Canadian Pacific "is focused on continuously improving service reliability, asset velocity, and productivity," says chief executive Fred Green. "Our capital programs are enabling us to meet our customers' growing needs and continue to lower our operating ratio to create a stronger franchise for the future. I expect our capital spend to remain above our historic spend. Typically, CP's capital plan is set on an annual basis in the range of 16% to 18% of revenues. Over the next three years, however, CP is accelerating some network investments and some information technology investments, to help us in our drive to improve service consistency, lengthen our trains, and move us toward a lower operating ratio. Other than PTC, these network projects and IT enhancements are discretionary and can be slowed down if economic conditions warrant. Over the next three to four years we expect our capital spend to be within the $1 billion to $1.2 billion range.

CP's capital spend is anchored in its longer train strategy, and as additional passing sidings are completed and brought on line, "we will further leverage the strategy, growing capacity without additional train starts," says Green. As part of these plans, CP will invest $75 to $100 million to increase productivity in its Western Corridor, where it sees growth in bulks such as potash, coal, and grain. On the North line in Saskatchewan and Alberta, CP will spend approximately $250 million in track renewal and sidings over the next three years. CP also plans to complete $90 million of capacity and productivity enhancements on its North-South corridor through North Dakota and Minnesota.

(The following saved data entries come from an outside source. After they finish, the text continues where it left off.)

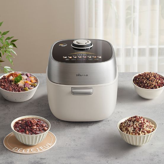 小熊電器鐵鐵煲擊破普通電飯煲的弊端,通過升級變壓控溫系統和立體加熱系統,火力夠猛、熱度夠均勻,讓用戶一鍵享受鐵鍋燜飯的美妙口感。其創新20kPa變壓控溫系統,可使米粒在105℃黃金沸點充分翻滾,能更好促進米粒糊化,使口感更香甜。并且,其創新的上下雙熱源立體加熱系統,上蓋采用120℃備長炭遠紅外發熱,比傳統上蓋加熱面積更大更均勻,熱力可直接穿透米芯,讓米飯熟得更快;底部則采用1100W多段IH大火力包裹式加熱,可讓米飯煮出來更有嚼勁。上下齊熱,整鍋米熟得更快、更均勻,有效避免底部已經焦成鍋巴、上層米還濕塌的尷尬。并且,這樣的加熱方式,也使得用戶在煮雜糧飯時無需提前泡米,一樣能煮出粒粒Q彈香糯的雜糧飯。
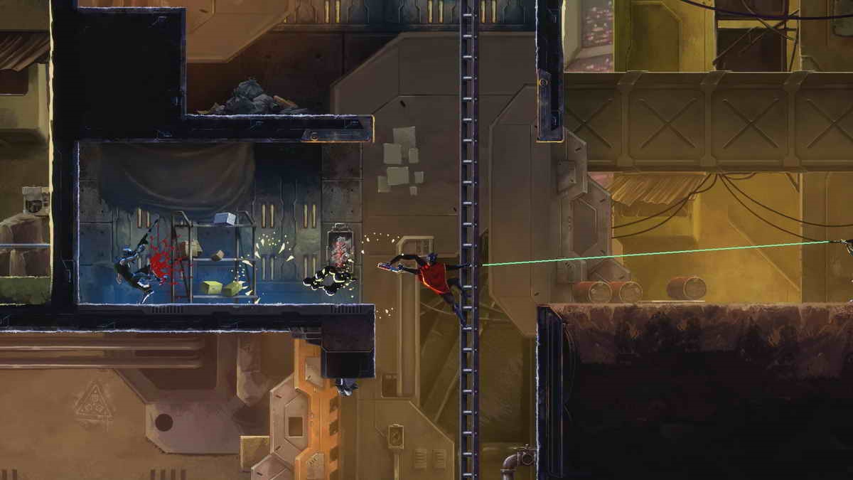 And yes, three arms. Aiden’s additional arm isn’t just a visual gimmick, it’s an integral part of the gameplay experience as well. Very early on, it lets you disarm (pun intended) enemies with shields, and through upgrades you’ll unlock more and more uses for your extra appendage. This adds a metroidvania-like element to the game as well, as functions like a grappling hook help you get to places that were previously out of reach – which also allowing you to pull enemies towards you in combat, Scorpion-style. The latter isn’t just brutal though, it’s also very helpful in breaking up a group of enemies by dragging one of them out and taking him on first.
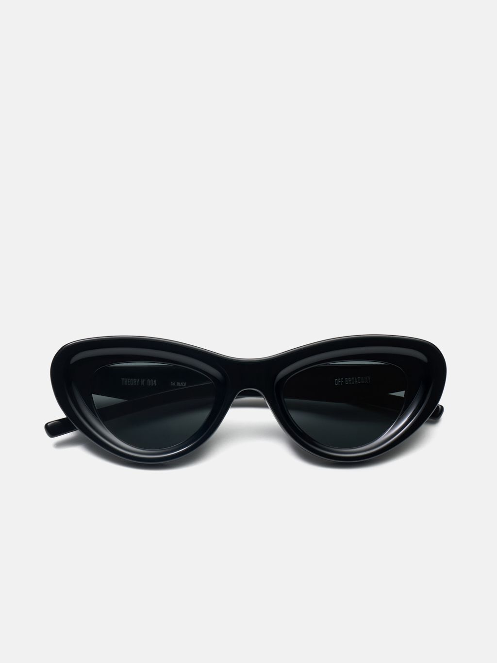 THEORY NUMBER 004 features a bold silhouette and an embossed cat-eye frame, harmonized with sculpted, bold temples to create a striking and refined presence.
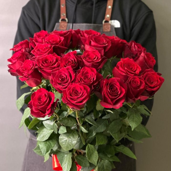 Монобукет из 25 роз сорта Freedom (70 см)
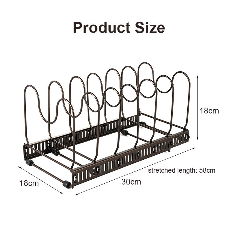- U-shaped Divider: U-shaped groove design, so that the lid and pot can be placed stably and easy to take. Our extensible pan organizer is equipped with 10 pot rack dividers. You can adjust and install the divider according to the size of the pots and pans or other kitchen utensils at home.
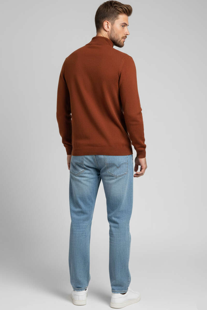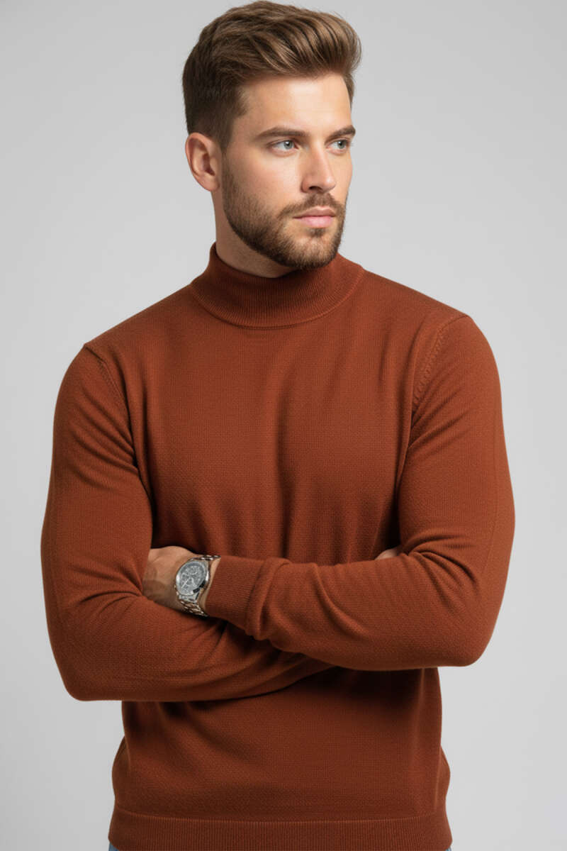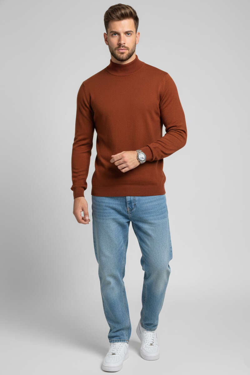 Yarım Balıkçı Basic Erkek Triko Kazak Kiremit

CP is augmenting its over the road locomotive fleet with the purchase of an additional 91 units. It also plans to upgrade and remanufacture portions of its four-axle fleet. Projected spend for PTC will be approximately $250 million over the next several years.

Kansas City Southern, coming off a record-setting year, does not see weakness in its markets. "We continue to watch the economy closely, and in spite of ongoing warning signs, our consolidated carloadings continue to be strong," says chief executive Dave Starling. "In fact, three of the top five weekly volume totals in KCS history have been in the fourth quarter of 2011. Coal and intermodal should be especially strong."

CN, coming off a year of "record revenue performance, a good balance between solid volume increase, and good pricing," according to chief executive Claude Mongeau, is "outpacing the general rate of economic growth. We were able to turn in an operating ratio of 59.3% for the [third] quarter. Our earnings on an adjusted basis are up 16%, and our year-to-date free cash flow is in excess of C$1.3 billion."